A ban on flavored tobacco backfires
The newest and most eye-opening paper presented this week suggests that government efforts to restrict vaping could lead more people to smoke. Writing in JAMA Pediatrics, Abigail Friedman, an assistant professor at the Yale School of Public Health, looked at a ban on all flavored tobacco products that took effect in San Francisco in January, 2019.
Other studies reported that adults aged 18 to 34 cut back on tobacco use after the ban, but Friedman’s study was the first to look at the behavior of high school students. The flavor ban, she wrote, “was associated with increased smoking among minor high school students relative to other school districts.”
Here’s a chart from her study.
“All else equal, restricting ENDS (electronic nicotine delivery systems, or e-cigarettes) access seem to increase tobacco use,” Friedman said.
If true, this is terrible news. Everyone in tobacco control agrees that smoking conventional cigarettes is bad. To her credit, Friedman noted the limits of her study, which took a short-term look at a single city. It’s also not clear whether the high school students were heavy or occasional smokers.
Still, Friedman said: “We should be wary of tackling vaping with all or nothing policies like bans.” Caution is warranted, if only because teen tobacco usage patterns have been distorted lately by the Covid-19 pandemic, the scare about EVALI (which was not caused by e-cigarettes) and the ban on tobacco sales to anyone under 21 enacted by the Trump administration. We don’t know much about what tobacco products teens are using, and why.
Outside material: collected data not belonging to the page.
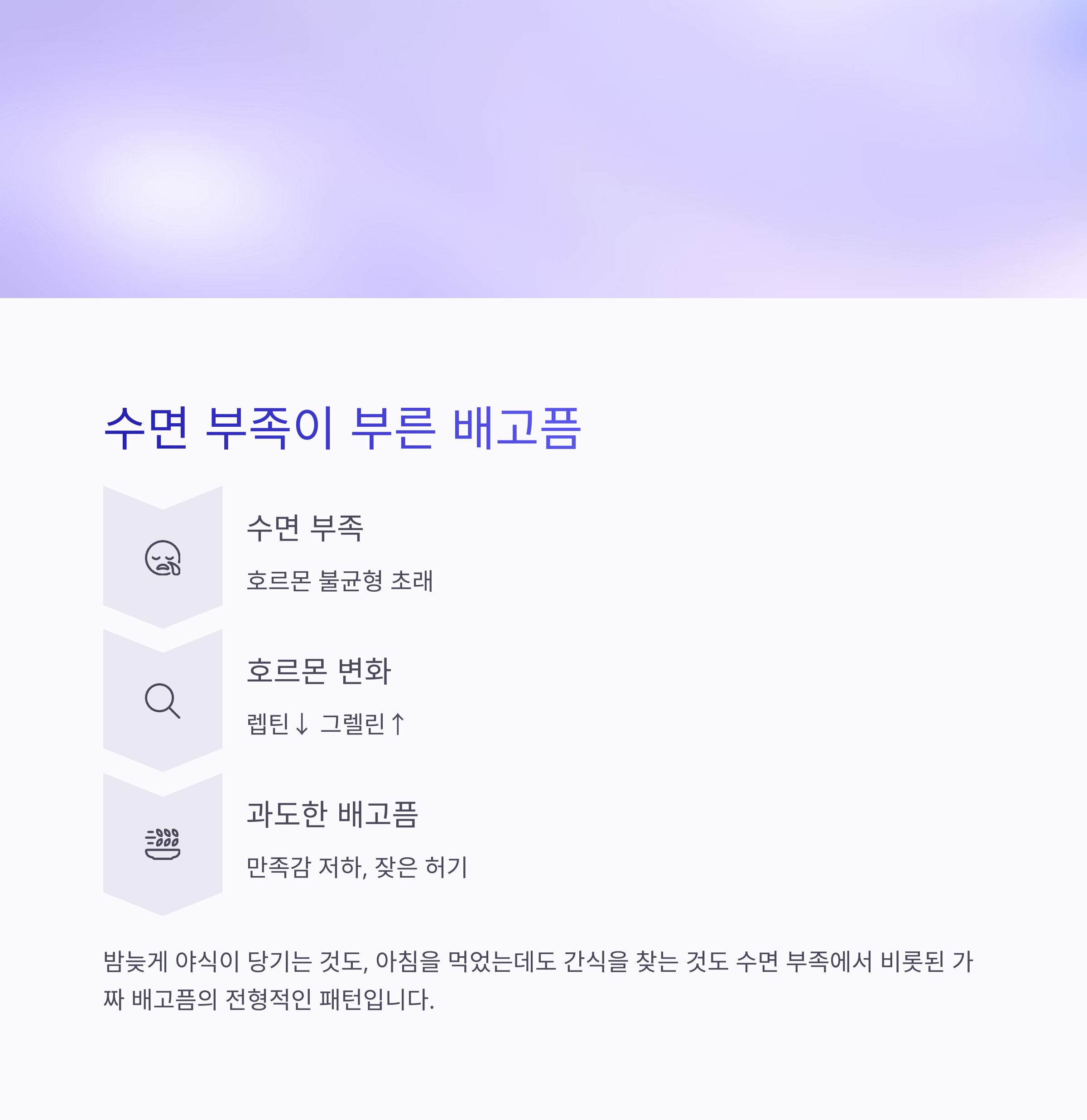 수면 부족에서 비롯된 가짜 배고픔의 전형적인 패턴입니다
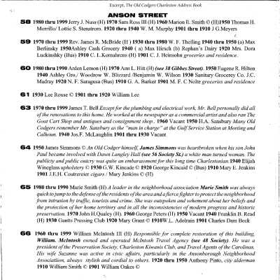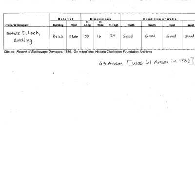Constructed ca. 1839; rehabilitated mid-1960s. One of two small gable-ended, masonry buildings (63 and 65 Anson Street) constructed as dependencies for 48 Society Street. Mrs. Robinson rented these properties separately before the Civil War. 63 Anson Street is listed as having been occupied by enslaved Africans in the 1861 census.
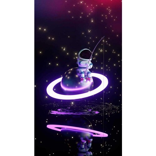 Картина на холсте 50x60 LinxOne "Космонавт, рыбак, планета, свечение, вертикальный" интерьер для дома / декор на стену / дизайн
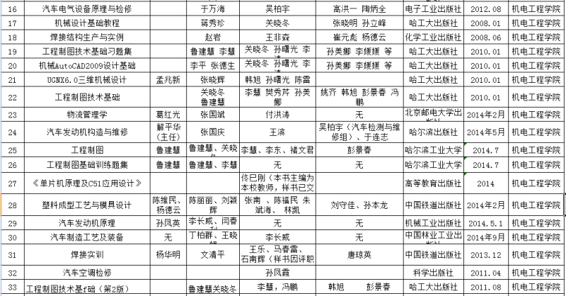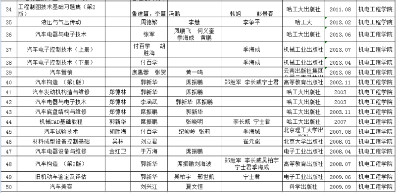 机电与汽车工程学院 2003--2015年教材汇总表
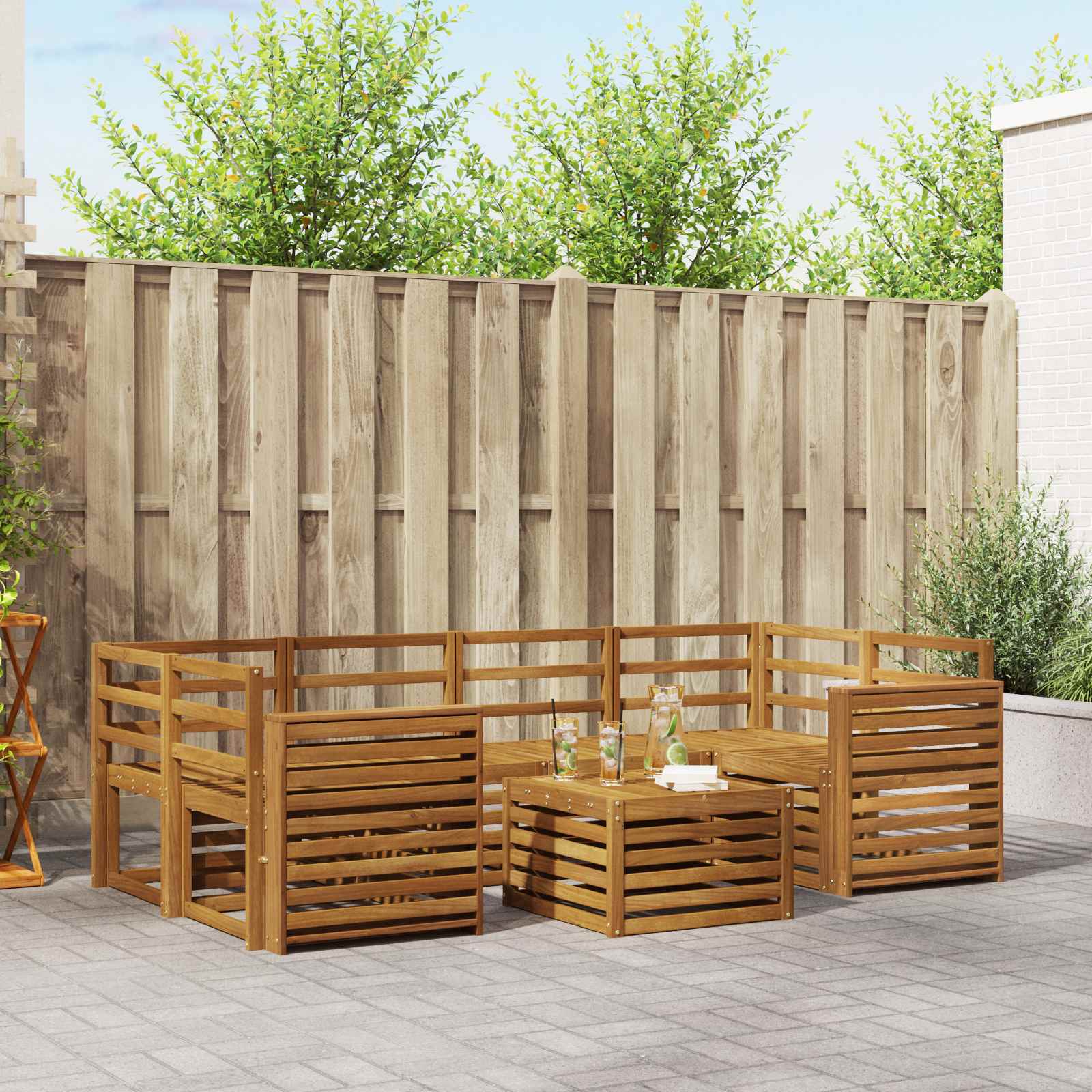 Setul ăsta de mobilier de exterior leagă stilul și funcția, făcându-l piesa centrală perfectă pentru grădina sau terasa ta. Cu un design modern, linii clare și detalii simple, aduce eleganță și susține relaxarea și socializarea afară. Fiind din lemn de acacia masiv, setul e durabil și arată bine pe termen lung, ideal pentru oricine caută un design chic în mobilierul de exterior.

Those favoring the approach known as harm reduction — as opposed to outright bans — also pointed to favorable evidence from abroad. Sweden has the lowest smoking rate in Europe because people have turned to snus, an oral smokeless tobacco product. In Japan, the growth of a smokeless tobacco product reduced cigarette sales, a study by the American Cancer Society found.
“There’s a glimmer of hope out there,” said Mike Cummings, the South Carolina professor who has studied tobacco use for decades. “It’s not all gloom and doom. It’s pretty dark in the United States, I have to say.”